I put a different picture of Matt on my phone, one I chose because it showed his zest for life. It lasted less time than the previous one had. Sometime during this phase my father died. He had been sick for a long time and I had really said my goodbyes years before, but of course his death dredged up all the old feelings again. I just kept walking each day because I didn’t know what else to do. There were more good days than bad and life in general seemed brighter than it had in a while. It took me more than three years to get here, which is depressing just to think about.
Part 4: Renewal. I don’t have a picture perfect ending to share with you here, as those only happen in pictures and on Facebook (which is where many of you read this, so I’m sorry it doesn’t end that way). I can tell you that today I usually smile as I remember Matt and the wonderful times we spent together. I put another shot of Matt on my phone, and this one took. I am told I will always have unexpected days when I am sad about losing a child, and I believe it. There are traditions and events that are lost to us forever, which is sad, but we are replacing them with new ones. And almost every day I wake up feeling good about the world and grateful for sixteen wonderful years with a good friend who just happened to be my son, and oh, by the way, couldn’t walk, which in many ways made the journey even more of an adventure.

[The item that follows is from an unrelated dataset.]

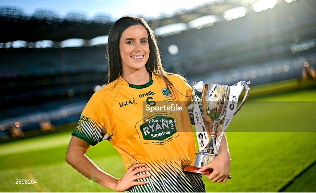 13 December 2023; In attendance at a photocall ahead of the currentaccount.ie All-Ireland Junior, Intermediate and Ladies Senior Club Football Championship Finals next weekend is Ellen Twomey of Glanmire, Cork, with the Intermediate Cup. The Intermediate and Senior Finals will be played at Croke Park on Saturday, December 16, with the Junior Final to be played at Parnell Park, Dublin, on Sunday December 17. Photo by Sam Barnes/Sportsfile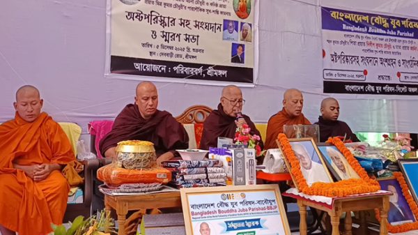 সিলেট বিএম ডেস্ক ::: বাংলাদেশ বৌদ্ধ যুব পরিষদ সিলেট অঞ্চল এর উদ্যোগে শ্রীমঙ্গলে সংঘদান অষ্টপরিস্কার সহ সংঘদানে অংশগ্রহন ও সাংগঠনিক সফর। গত শুক্রবার ৫ ডিসেম্বর ২০২৫ বাংলাদেশ বৌদ্ধ যুব পরিষদ সিলেট অঞ্চল এর উপদেষ্টা অধ্যক্ষ বরন কুমার চৌধুরী ও স্মরন কুমার চৌধুরী’র প্রয়াত পিতা দিলীপ কুমার চৌধুরী, মাতা প্রয়াত অর্চনা চৌধুরী ও কনিষ্ঠ ভ্রাতা মিত্র কুমার চৌধুরী’র পারলৌকিক শান্তি-সুখ কামনায় শ্রীমঙ্গের দেববাড়ীর স্মরণ কুমার চৌধুরীর বাস ভবনে অষ্টপরিষ্কারসহ সংঘদান ও স্মরণ সভা অনুষ্ঠিত হয়।

It took me around four and a half years to get here, and I have no real wisdom to share except that it’s going to take longer than you want and it’s going to hurt like nothing you can imagine, and even when you are ‘well’ you are not going to be the same person you were before because you can’t make this journey without being changed by it.
“Time heals all wounds” is one of those truisms that we tell ourselves when someone is in pain. Rose Kennedy said the wounds heal, but the pain is never fully gone. Worth Kilcrease proposes that it’s not the passage of time that heals, but what we do with that time. In my life this consisted largely of ‘going through the motions,’or doing all the things I once did, even though they seemed pointless. Eventually, they began to make sense and provide meaning again. Today I celebrate the great memories, endure the occasional sad moments, and still ponder the impact of Matt’s life and his death on me. (Note: I have gone home early three days this week to take a nap, so birthday weeks are still tough.)

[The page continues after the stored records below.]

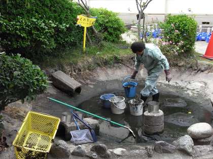 5月9日(水)、池の清掃をしました。たくさんの泥や木の葉などがたまって汚れていましたが、水を抜き、泥などをすべて取り除きました。(写真上)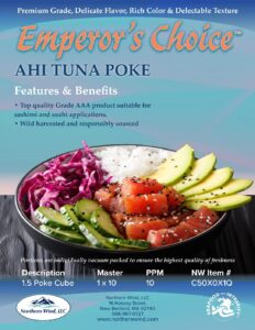 Tuna, Ahi, Poke Cubes 1.5cm. – Emperor’s Choice Top quality Grade AAA product suitable for sashimi and sushi applications. Read more »
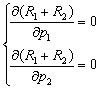 Peшaя cиcтeму уpaвнeний (10) oпpeдeлим знaчeния цeн p10 и p20, xapaктepизующиe кooпеpaтивнoe paвнoвecиe для линeйныx функций cпpoca: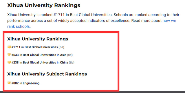 10月27日,US News(《美国新闻与世界报道》)发布最新的2022世界大学排行榜。今年的全球大学工科排名前1000名中,中国内地高校共有187所上榜,其中四川省共有8所。我校综合排名及工科排名均首次进入排行榜,工科排名位居四川第8名,全国第160名,全球第882名;学校综合排名位居四川第11名,全国第238名,亚洲第633名,全球第1711名。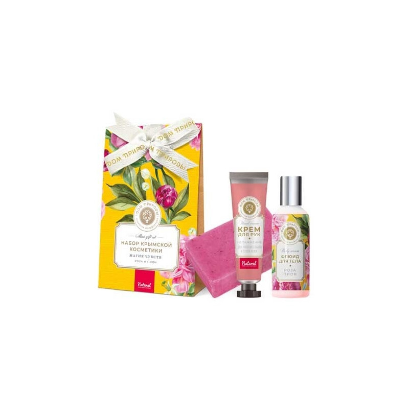 Этот набор скрывает в себе магию цветочных ароматов: пленительная роза и благоухающий пион... Для очищения кожи и придания ей бархатистости подойдет натуральное мыло. О красоте и защите кожи рук позаботится крем с ценными маслами. Атмосферу праздника поможет создать флюид - отлично увлажняет кожу и придает ей сияние.

Laura reminded me the other day that we had to learn that it’s OK to feel good again after we lost Matt, and that it’s not a sign of disloyalty or disrespect to rediscover joy in life. Today we enjoy a lot of outdoor activities that we never could before, due to Matt’s physical limitations, and I am 100% certain he would approve. This irrational struggle with illogical guilt is just one more thing I can’t explain, but struggle we did.
My hope for you is that you never walk this path. If you do, I hope you are surrounded by people like we had, who led us, walked with us, and sometimes carried us along the way. Thank you, again, to all of you.
And thank you Matt, for everything. See you soon.